##### DATA #####

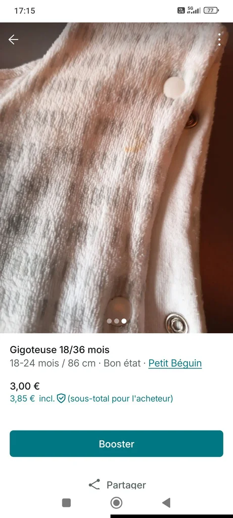 Je vend une gigoteuse taille 18/36 mois en bon état ( juste une tâche qui ne pars pas au lavage ) sinon fermeture nickel 3€ si vous êtes intéressé veuillez me contacter par message
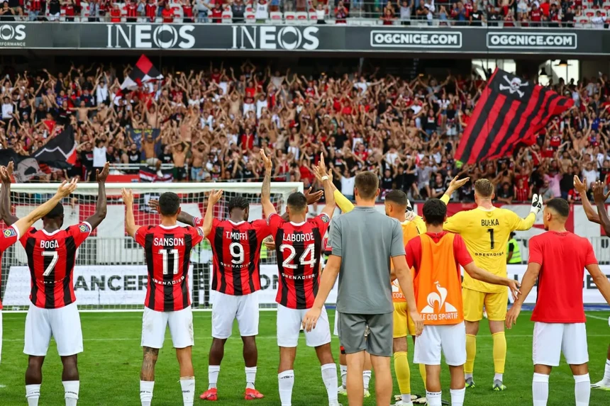A jogar em casa, o Nice, que é a única equipa da prova ainda sem derrotas, inaugurou o marcador em cima do intervalo, com um golo do costa-marfinense Jérémie Boga, aos 45 minutos, e beneficiou de um autogolo de Steve Mandanda, aos 87 minutos, numa altura em que ambas as equipas jogavam com 10.
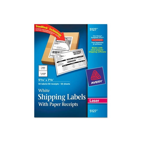 Avery shipping labels with paper receipt, 5 1/16 x 7 5/8, white, 50/pack print postage directly from your desk. Unique sheet construction combines a half sheet label with a half sheet of paper. Takes only one pass through your printer to produce a paper receipt and shipping label. Features trueblocktm technology to completely cover everything underneath, so you can reuse boxes and envelopes over and over again. Easy to use and works with major internet postal service software such as usps click-n-ship, e-bay, paypal and stamps.com. This product was made from wood that came from a certified managed forest. Label size - text: 5 1/16 x 7 5/8; label color(s): white; machine compatibility: laser printers; adhesive: permanent self-adhesive. this product arrives to most customers in 2-3 business days.
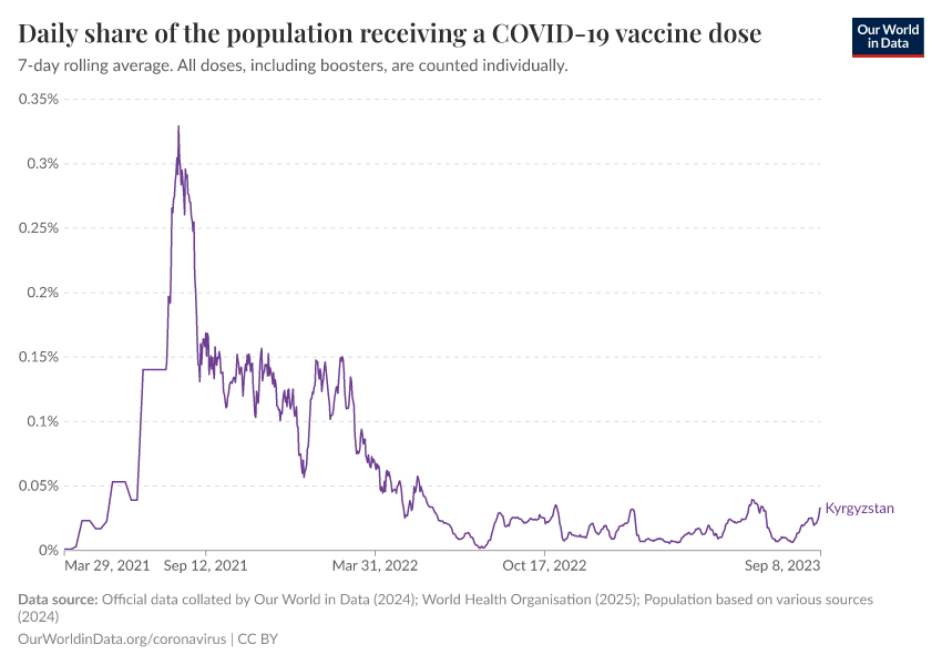 Hannah Ritchie (2025) - “Coronavirus Pandemic” Published online at OurWorldinData.org. Retrieved from: 'https://ourworldindata.org/profile/coronavirus/kyrgyzstan' [Online Resource]BibTeX citation
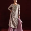 Immerse yourself in the splendor of tradition and elegance with this enchanting lilac tissue ensemble crafted from luxurious pani tissue. The dress features an intricately embroidered neckline, with embellishments artfully strewn throughout, creating a mesmerizing interplay of textures and patterns. The delicate embroidery is further highlighted by a scattered spray of embellishments on the sleeves and all over the front.
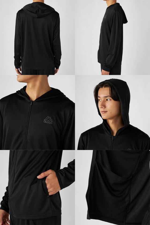 トラックジャケット:杢グレー/ロングパンツ:ブラック/フルジップパーカー:ブラック/ストレートロングパンツ:ブラック/半袖Tシャツ:ホワイト/半袖ハーフジップシャツ:ブラック/ハーフパンツ:ブラック

#####

* **WORK TO BE COMPLETED**:
Although the records contain pictures, print only the rest, exactly as written.

* **WRITTEN REPLY**:
 Je vend une gigoteuse taille 18/36 mois en bon état ( juste une tâche qui ne pars pas au lavage ) sinon fermeture nickel 3€ si vous êtes intéressé veuillez me contacter par message
A jogar em casa, o Nice, que é a única equipa da prova ainda sem derrotas, inaugurou o marcador em cima do intervalo, com um golo do costa-marfinense Jérémie Boga, aos 45 minutos, e beneficiou de um autogolo de Steve Mandanda, aos 87 minutos, numa altura em que ambas as equipas jogavam com 10.
 Avery shipping labels with paper receipt, 5 1/16 x 7 5/8, white, 50/pack print postage directly from your desk. Unique sheet construction combines a half sheet label with a half sheet of paper. Takes only one pass through your printer to produce a paper receipt and shipping label. Features trueblocktm technology to completely cover everything underneath, so you can reuse boxes and envelopes over and over again. Easy to use and works with major internet postal service software such as usps click-n-ship, e-bay, paypal and stamps.com. This product was made from wood that came from a certified managed forest. Label size - text: 5 1/16 x 7 5/8; label color(s): white; machine compatibility: laser printers; adhesive: permanent self-adhesive. this product arrives to most customers in 2-3 business days.
 Hannah Ritchie (2025) - “Coronavirus Pandemic” Published online at OurWorldinData.org. Retrieved from: 'https://ourworldindata.org/profile/coronavirus/kyrgyzstan' [Online Resource]BibTeX citation
 Immerse yourself in the splendor of tradition and elegance with this enchanting lilac tissue ensemble crafted from luxurious pani tissue. The dress features an intricately embroidered neckline, with embellishments artfully strewn throughout, creating a mesmerizing interplay of textures and patterns. The delicate embroidery is further highlighted by a scattered spray of embellishments on the sleeves and all over the front.
 トラックジャケット:杢グレー/ロングパンツ:ブラック/フルジップパーカー:ブラック/ストレートロングパンツ:ブラック/半袖Tシャツ:ホワイト/半袖ハーフジップシャツ:ブラック/ハーフパンツ:ブラック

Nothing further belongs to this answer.